The CEO of a small business insurer, which has just undergone a management buyout, claims its agile approach to developing products is the key to landing a larger wedge of the market in years to come.
Private equity firm AnaCap backed the rumoured eight-figure MBO of Simply Business, separating it from Brit Group to target more opportunities for growth and innovation in the industry.
Simply Business has a client base of 225,000 customers, and has grown from revenues of £4.2m in 2006 to hit £22.9m last year.
CEO Jason Stockwood puts its success down to its business being conducted predominantly online and underwriting its own products, and is confident the agile approach will help its expansion in an industry worth an estimated £3bn.

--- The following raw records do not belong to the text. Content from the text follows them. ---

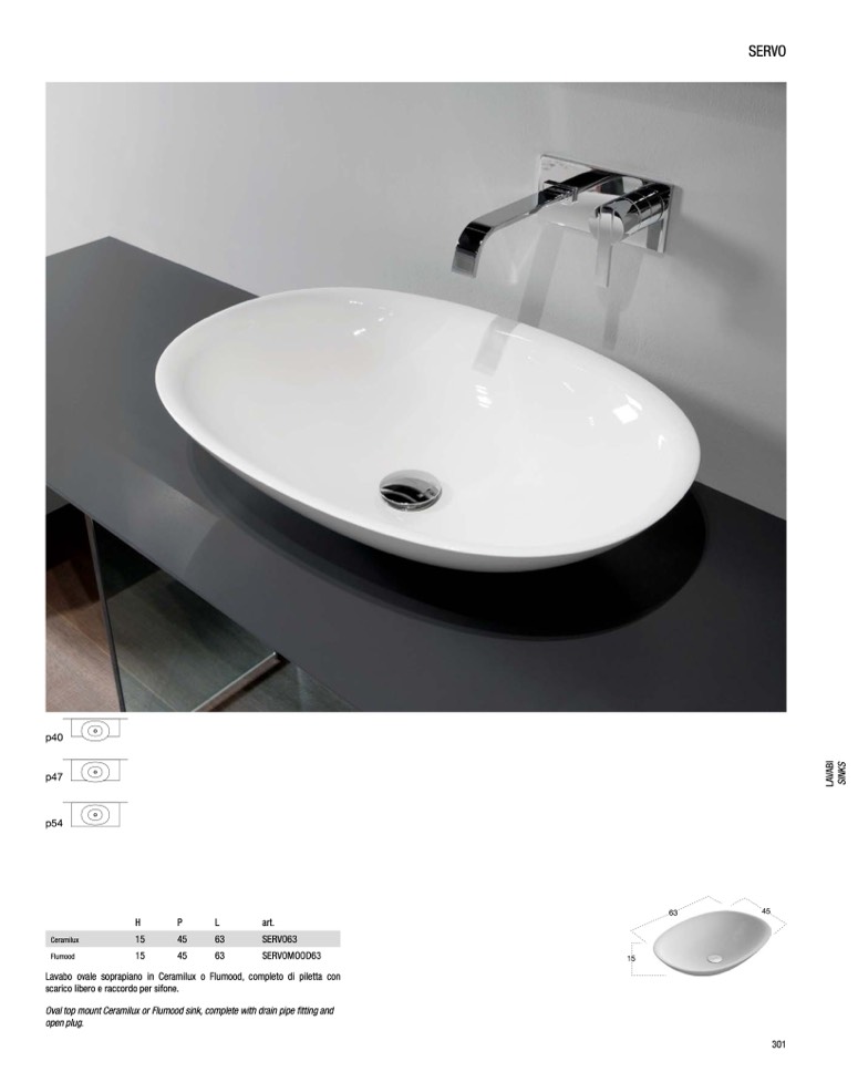 Lavabo ovale soprapiano in Ceramilux o Flumood, completo di piletta con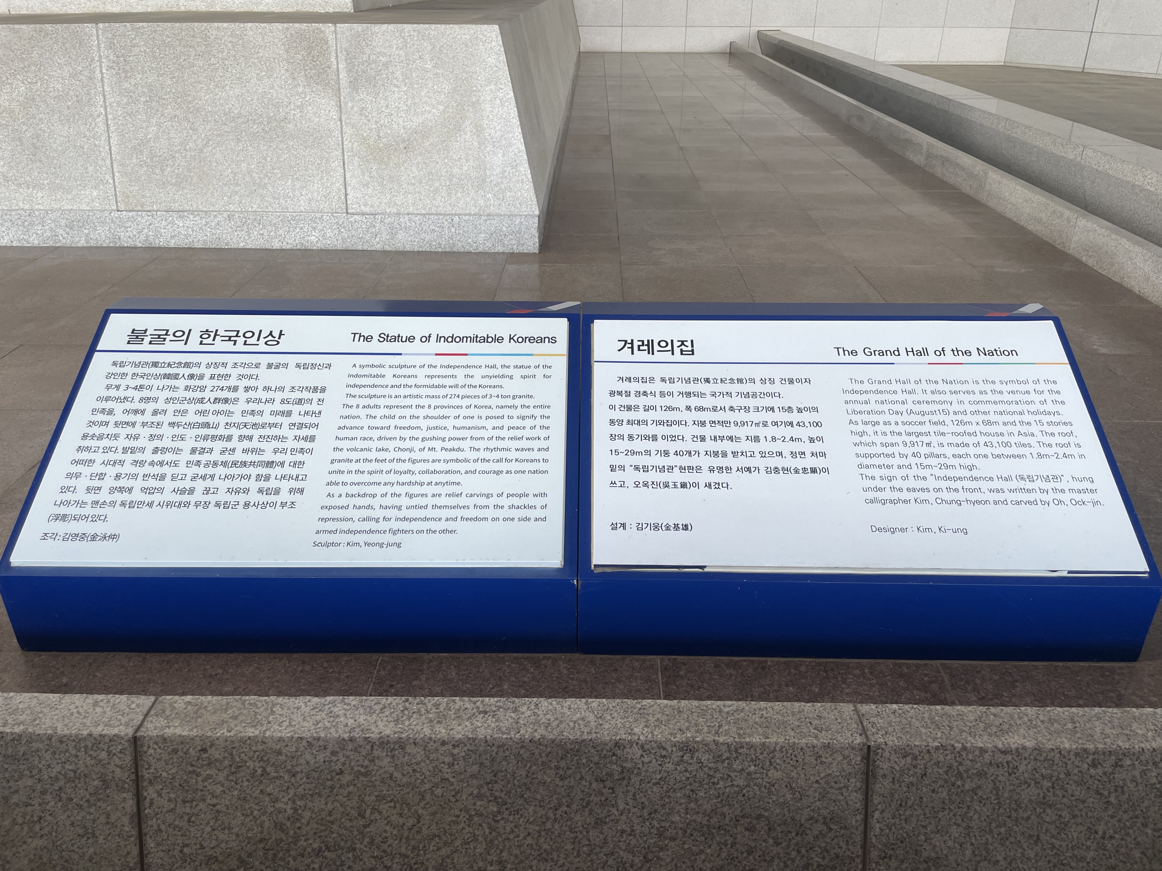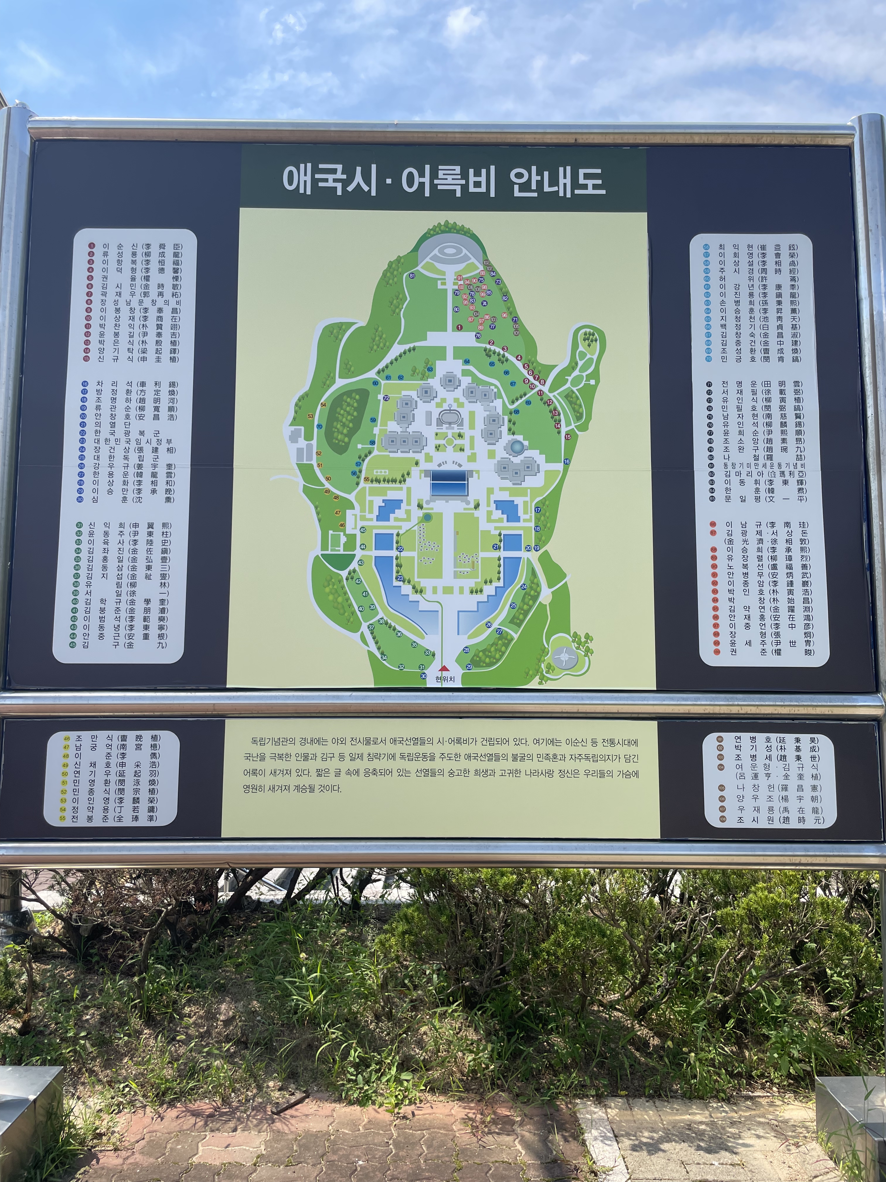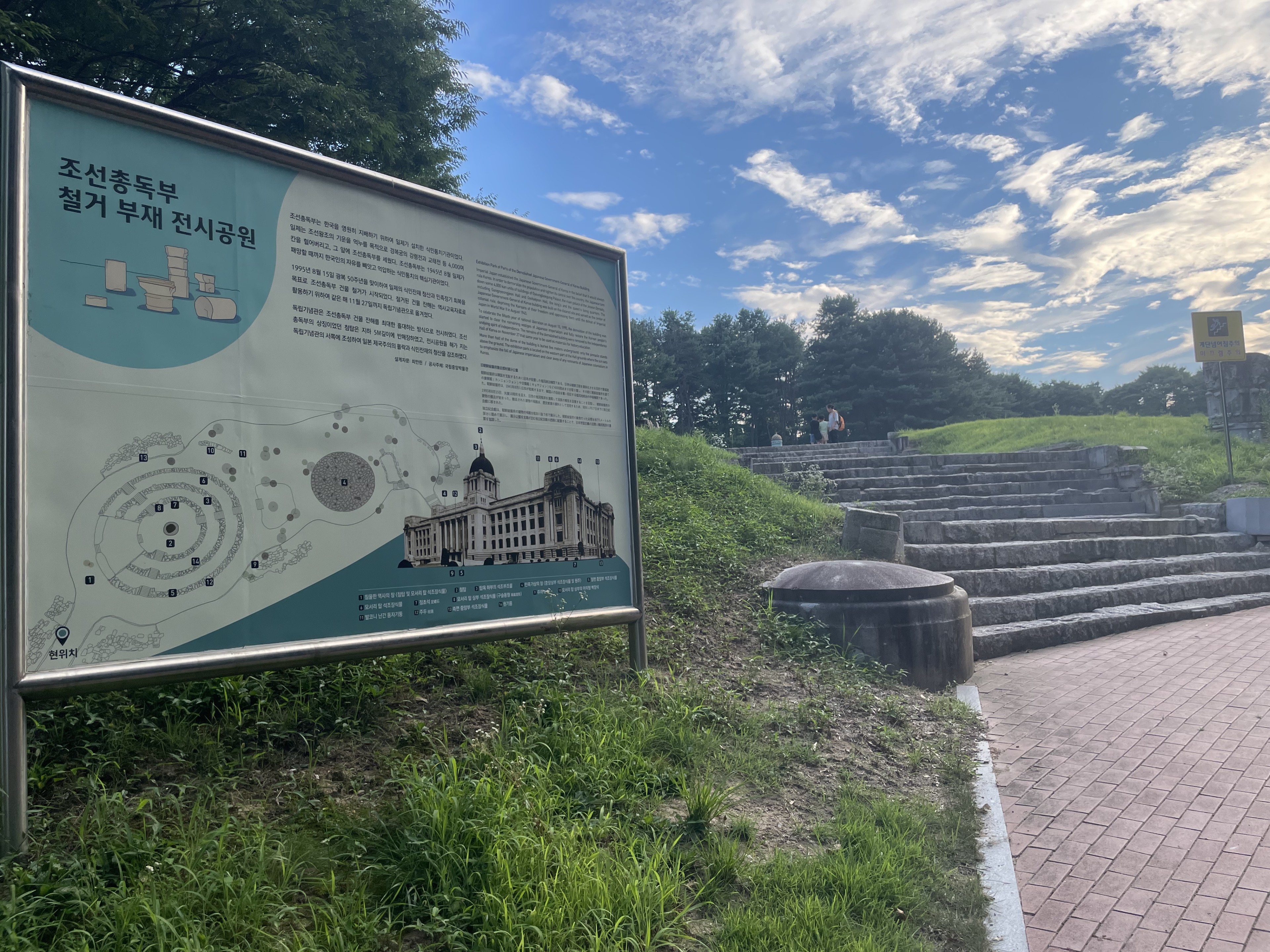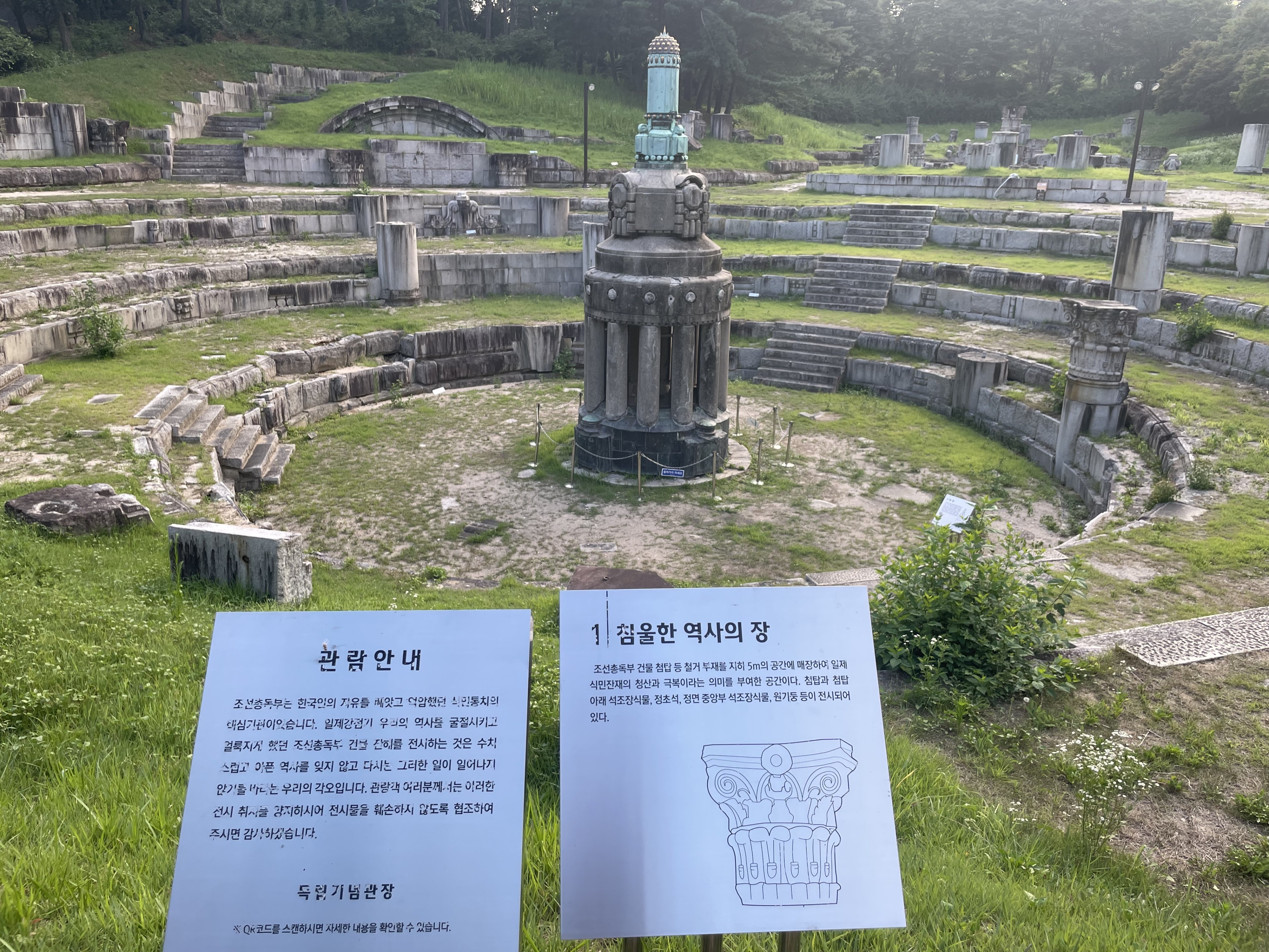 독립기념관은 많은 사람이 찾는 공간이나 그 뒤 추모의자리나 조선총독부 철거물 전시 공간을 찾는 이는 드물다. 사실 엄청나게 크고 많은 전시관을 보다보면 그럴 여유가 없을 테다. 그럼에도 불구하고 이러한 공간은 우리 독립기념관에 아주 중요한 공간이다. 특히 추모의자리는 국민 한사람 한사람이 정성을 모았던 지난 역사의 흔적이다. 폭염에 야외 공간을 다니는 건 쉽지 않다 지난 날 갑작스런 해방의 그날, 푹푹찌는 날씨자만 해방의 자유로 들뜬 열기도 대단했을 것이다. 그날 날씨가 문제랴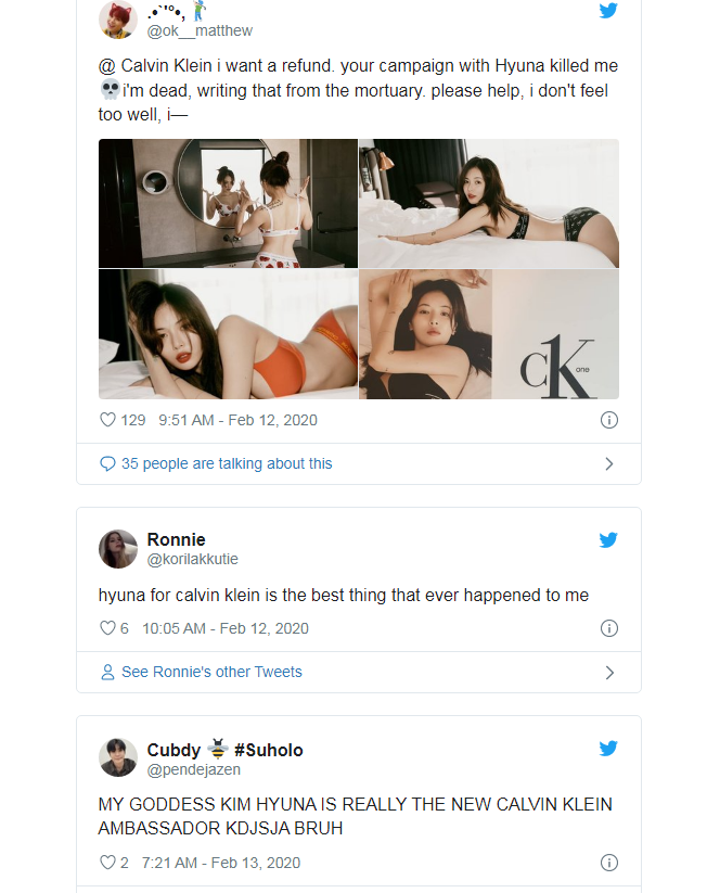HyunA trở thành đại sứ cho thương hiệu đồ lót nổi tiếng Calvin Klein cho khu vực Châu Á hồi đầu tháng 2 được bao fans hâm mộ trầm trồ thì mới đây tháng 3 Jennie Black Pink xuất hiện trên bìa tạp chí High Cut với trang phục của Calvin Klein bị nhiều người chê kém xinh hơn hẳn.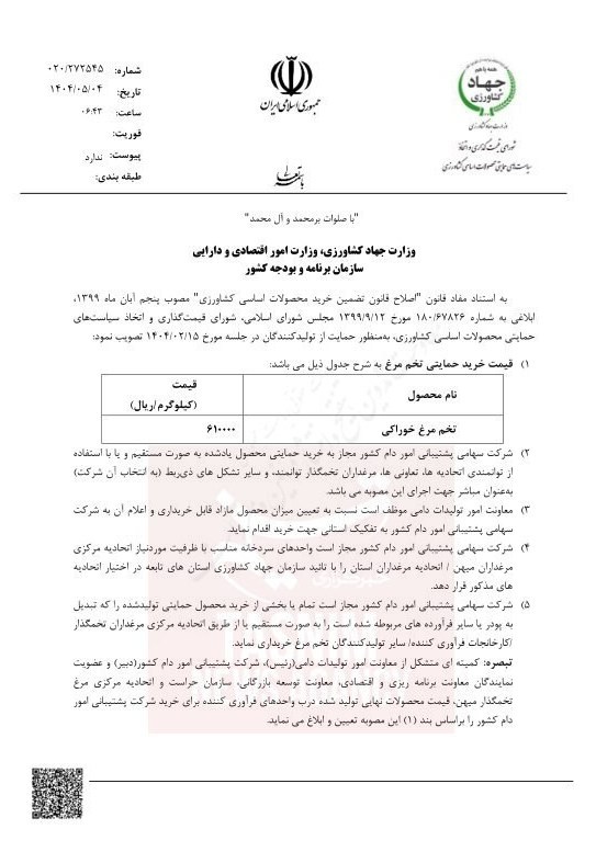 جهاد وزارت کشاورزی از میزان خرید تخم مرغ برای کشاورزان در ۶۱۰۰۰ تومانس خبر داد. این هدف برای حمایت از تولید کنندگان است و در صورت عدم دسترسی محصول آن در بازار مشتری توسط دولت خریداری می شود.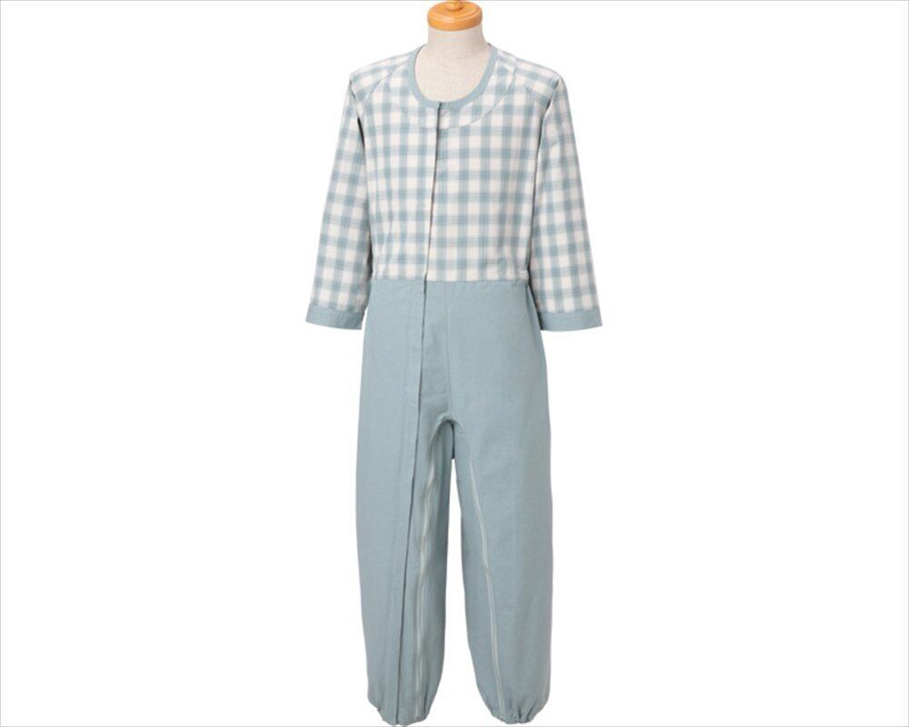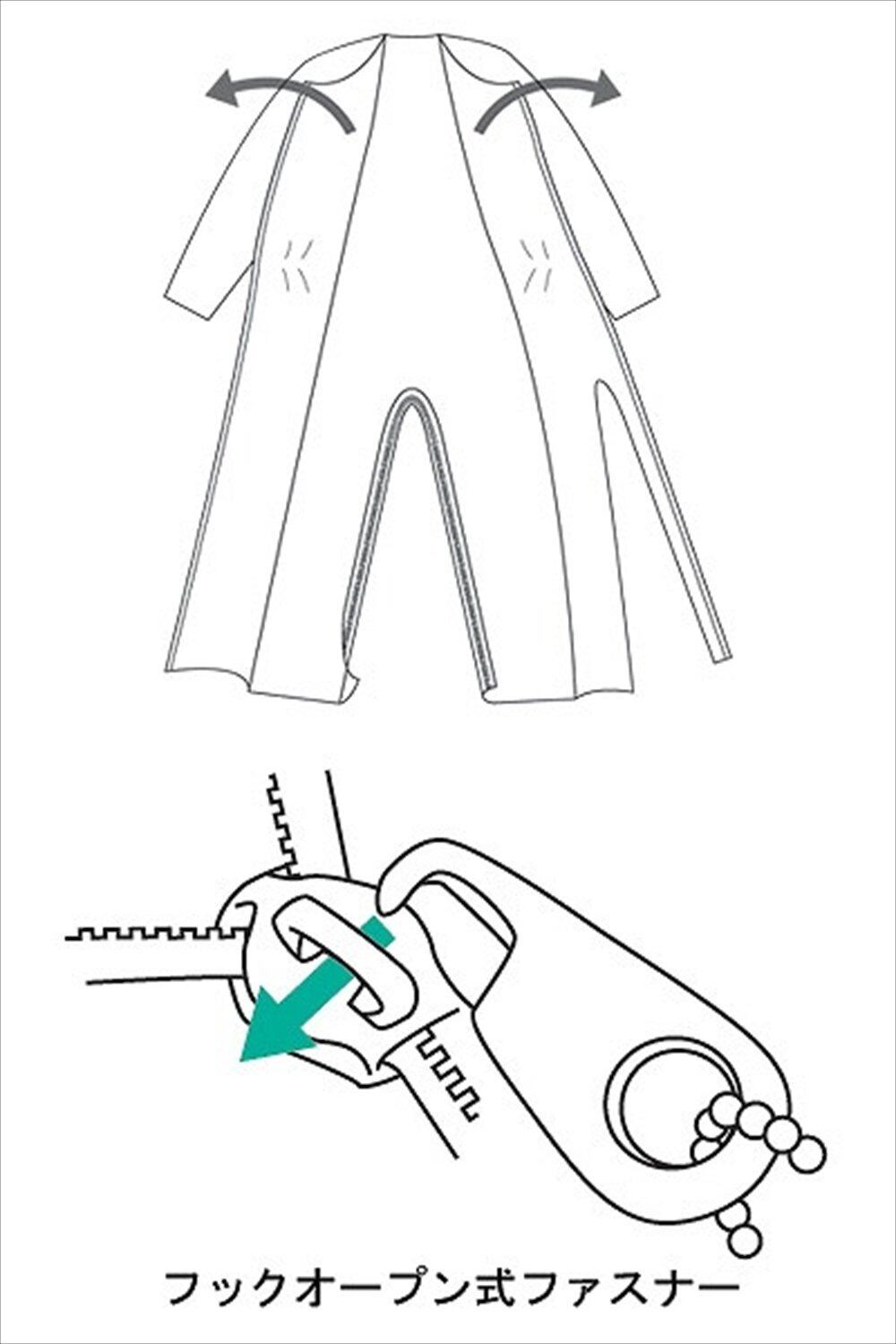 胸元から足首まで1本のファスナーで開閉できますので寝たきりの方でも無理なく着脱ができ、おむつ交換も容易に行えます。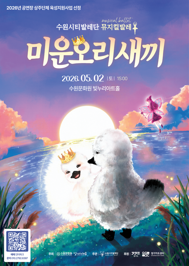 넌 지금 있는 그대로가 가장 아름다워! 뮤지컬 발레 '미운오리새끼'로 만나는 변화의 이야기를 소개합니다. 올해 수원문화원 빛누리아트홀의 상주발레단으로 새롭게 채택된 수원시티발레단의 공연입니다. 이 영광스러운 시작을 함께할 공연은 5월 2일, 수원문화원 빛누리아트홀에서 펼쳐질 특별한 공연 "뮤지컬 발레 미운오리새끼" 입니다. 이 공연은 일반 무용 공연이 아닌, 학교 폭력, 따돌림, 괴롭힘으로 힘들어하는 모든 아이들에게 전하는 희망의 메시지가 가득 담긴 공연입니다. 주인공 '미추'의 이야기 잿빛으로 태어난 오리, 미추. 다른 오리들과는 다른 모습이라는 이유만으로 미추는 끊임없는 놀림과 따....... <img src="https://blogthumb.pstatic.net/MjAyNjA0MTVfMjMz/MDAxNzc2MjE3Mzk4NTE5.0j5x0b7VkPkK8QCNf8PzNeKfMeLBh4DEWIVajJyxc0og.Kstx9qttAaoDv30aPwdB6sQTBkzLz5rL35-PgzT2DDEg.PNG/IMG_6175.PNG?type=s3" />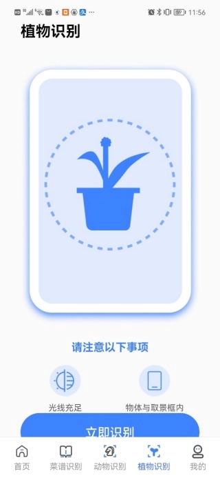 在植物识别页面点击“立即识别”按钮,就能快速识别出植物,同时获取相关的知识内容。

Stockwood, who joined in 2010 as the former MD of dating site Match.com and travel website Travelocity.com, admitted his experiences have come to bear on Simply’s attitude to providing insurance, by letting customers lead the way.
He told CBR: "My background was travel and dating, huge markets that have used technology to disrupt offline competitors. I could see this [possibility] in commercial insurance as well.
"Exactly the same way as travel 15 years ago, everyone had to go to an intermediary offline to get a quote. That’s fine if you’re a large business with a procurement division, but most people who start up businesses just need to make sure the product is right for them and then get on with growing.
"The whole balance of power needs to be with the consumer, not the intermediary, and online is a great way of remedying that."
By conducting its transactions mainly through its website and running operations in-house, Simply Business has managed to undercut the "ridiculously high" margins demanded by its offline competitors.
And asked if the internet is shifting the way small businesses look for insurance, Stockwood says that it already has.
"That’s a debate that’s over," he said. "The shift has happened. It’s really about how we can simplify complex products."
And to that end, Stockwood relies on the agile software development philosophy to get ahead.
The theory, established back in 2001, focuses on producing working software during the development process rather than at the end, and places importance on developers working together to find solutions.
Stockwood said: "We use agile as an approach to test the idea. If it works, great, if it doesn’t we move on. You fail on small projects and you learn every time you do a test.
"It’s a technology-led view of how customers can be served better."
Another key concept behind agile is continuous customer collaboration to produce the best possible product, and Simply Business staff rely on big data to tell them what their customers want.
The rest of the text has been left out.